Earlier I will have weaved my way through the house emptying small rubbish bins into the orange bags. I would have gone into the garage to discover that our cat has scratched a hole in the side of a bag to get at those smelly chicken bones. Hmm.

Its not the greatest way to start the week but its one of those tasks I have to do.

If I don’t, well just imagine the mess that would pile up, the smell, the flies, and the potential for disease.

Forgiveness is a choice. You choose not to be held hostage in the present to the injustices that occurred in the past. Shirley Glass

I have been in homes where you have to wade through the piles of accumulation. I have also been in homes where there is not even a speck of dust anywhere, the owner is OTT (over the top) on perfectionism and you worry about leaving fingerprints.
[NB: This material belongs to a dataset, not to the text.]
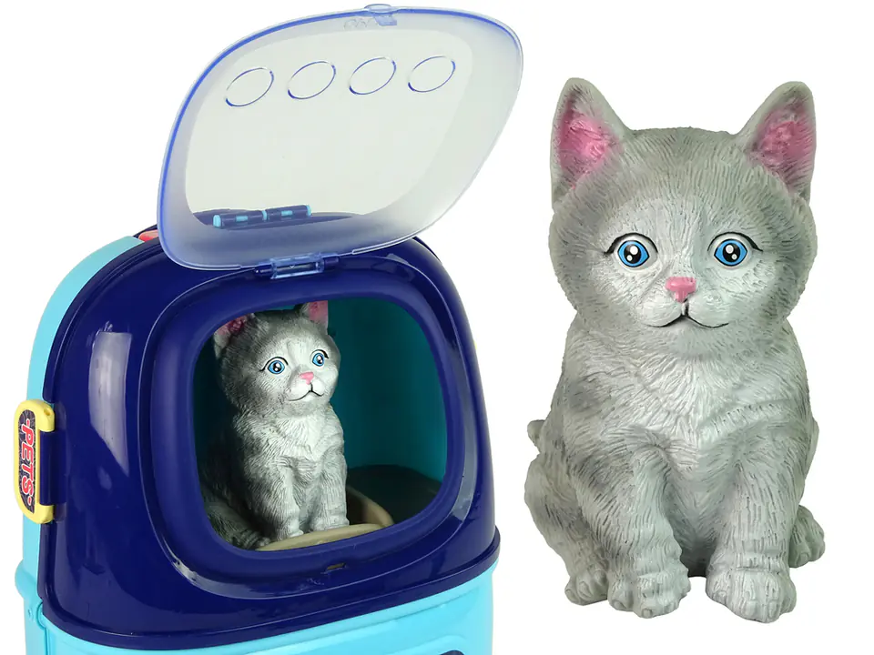 The entire beauty salon is housed in a blue wheeled suitcase with a retractable handle. The toddler can take the toy and his friend everywhere with him. Convenient to transport and carry. At the bottom of the backpack you need to put all the accessories, disassemble the side shelves and you're done. Transparent window with holes will allow you to constantly observe your toy pet. On the road, when our kitten gets hungry, we can open the glass and give him food. The whole gives many opportunities to play and will please every child, he will not be able to part with this set.

Whats this post about? Where am I going?

I’m talking about forgiveness.


A few years back, in a sermon series, I used the metaphor of rubbish bags that we carry around with us. Bags of resentment, anger and chicken wings that we need to get rid of and let go. Bags full of relational pain about ourselves, others and maybe even towards God.

Holding on to that rubbish, it slowly becomes precious (enter Gollum) ) to us, unknowingly changing our personality and robbing us of life.

Hoarding resentments just so we might be able to draw upon them in the future if needed.

Mondays remind me of the need to let things go, to forgive and not hold on to resentment.

But how do we forgive?


Perhaps using a metaphor story such as the cleaning of the house, the taking out of the rubbish could be a start, a trigger to your mind to think about the ‘How’ of forgiveness.

More to come.

Leave some comments below. I would love to hear from you as to how the use of this metaphor might have helped you.

Questions to consider and leave a comment.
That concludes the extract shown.